Hilfswerk begrüßt Verlängerung der Familienhospizkarenz, fordert jedoch mehr Unterstützung für pflegende Angehörige

Präsident Othmar Karas: "Mobile Palliativpflege und Hospizteams fördern!"

Wien (OTS) - Hilfswerk begrüßt die heute, Dienstag, vom Ministerrat beschlossene Verlängerung der Familienhospizkarenz. Eltern von chronisch kranken Kindern können in Zukunft bis zu neun Monate in Karenz gehen, statt bisher sechs Monate. Damit ist jedoch nicht sicher gestellt, dass die pflegenden Angehörigen ausreichend unterstützt werden. Daher fordert das Hilfswerk, dass der Ausbau der mobilen Palliativpflege als integraler Bestandteil der Hauskrankenpflegeund Hospizteams verstärkt gefördert wird.

"Die meisten Menschen wollen zu Hause, in ihrer vertrauten Umgebung sterben", sagt Hilfswerk-Präsident Othmar Karas, Monika Gugerell, Pflegedirektorin des NÖ Hilfswerks "Aber die Angehörigen sind dabei oft überfordert. Sie brauchen Entlastung und oft auch professionelle Unterstützung. Es fehlt jedoch an öffentlichen Förderungen, damit diese Unterstützung auch für alle leistbar ist.
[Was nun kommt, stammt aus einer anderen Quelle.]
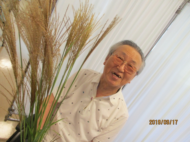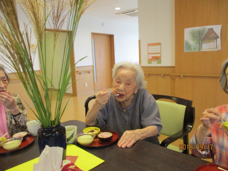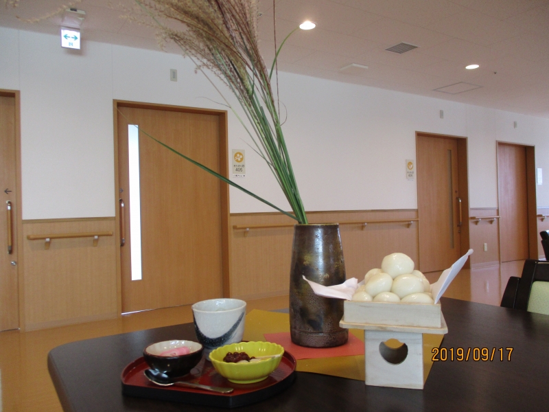 団子とススキも飾って収穫の感謝と豊作の祈りではなく、長寿・健康をみなさんで祈りました♪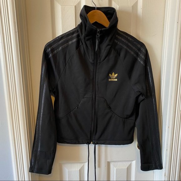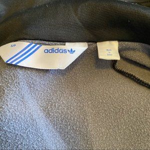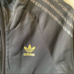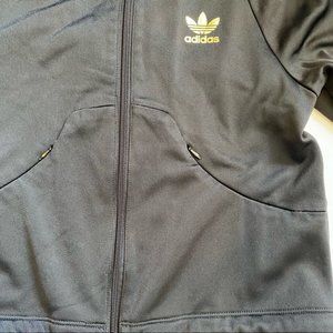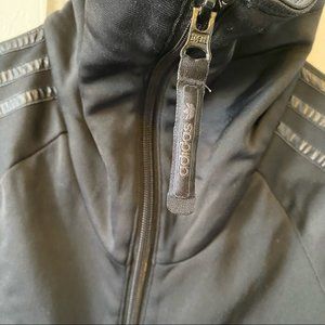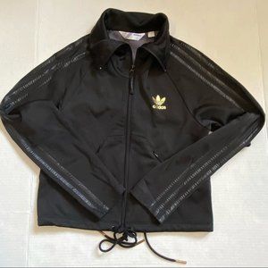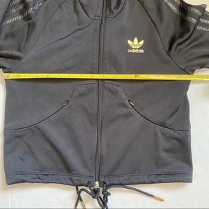 Adidas track jacket satin back drawstring vent 3 black satin stripes gold trefoil size small.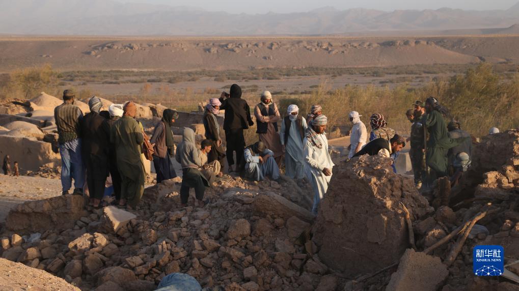 10月7日,人們在阿富汗赫拉特省進行震后救援工作。

Was wir dringend brauchen sind Rahmenbedingungen für eine entsprechende Qualifizierung der Pflegekräfte. Psychische Unterstützung für Angehörige: Psychosoziale Begleitung, Gesprächsrunden, Trauerbegleitung - vor allem wenn es sich um Todesfälle von Kindern handelt. Palliativpflege muss integraler Bestandteil der Hauskrankenpflege sein.", so Karas Gugerell abschließend.

Das Österreichische Hilfswerk ist mit seinen Landesverbänden und dem Hilfswerk Austria einer der größten österreichischen Anbieter sozialer Dienstleistungen. Es beschäftigt 7.370 MitarbeiterInnen und erwirtschaftet in den Geschäftsbereichen Hilfe und Pflege, Kinder-und Jugendbetreuung, sowie Beratung und Bildung einen Jahresumsatz von Euro 137,47 Millionen und ist auch als Hilfsorganisation in Krisengebieten sehr aktiv.